Data Engineer is responsible for developing Life Sciences content curation and delivery system for the purpose of building life sciences databases that empower CAS proprietary life sciences search technologies. This role encompasses developing and deploying scientific software solutions in the life sciences information space to support transformational initiatives, delivering both short and long-term results to the business.

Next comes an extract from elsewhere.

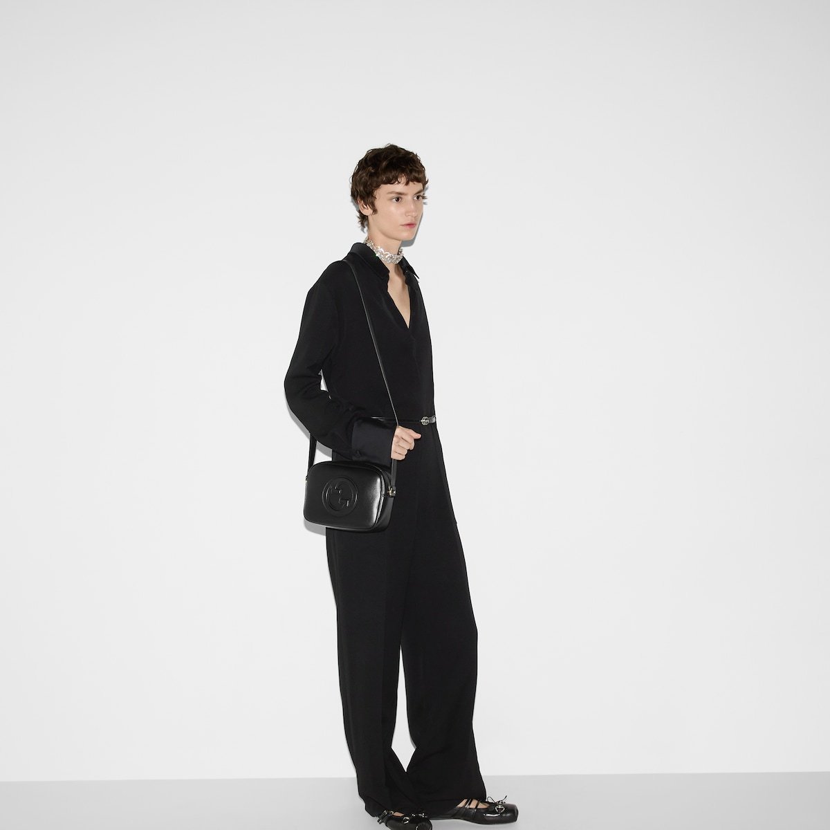 The new Gucci Blondie bag, whose distinctive logo first appeared in the House’s collections in the early 1970s, weaves together past and present in a fusion of nostalgia and modernity. This mini shoulder bag is crafted from black smooth leather, and can be worn crossbody with an adjustable leather strap.

Develops data transformation and integration pipelines and infrastructure foundations of life sciences content in support of scientific databases and data curation. Combines strong software development and data engineering skills with a working knowledge of basic biology/chemistry/physics to develop sophisticated informatics solutions that drive efficiencies in content curation and workflow process. Applies data transformation and other data-engineering software development capabilities to contribute to the building of new scientific information management systems supporting scientific database building activities. Lead Data Engineer
Education/Experience
4-year degree in computer science, engineering, informatics, or equivalent experience
Minimum of 9 years of software development experience ( Proficiency in Python)
Competencies/Technologies
Proficiency in Python
Proficiency in Linux/Unix environments
Experience building applications for public cloud environments (AWS preferred)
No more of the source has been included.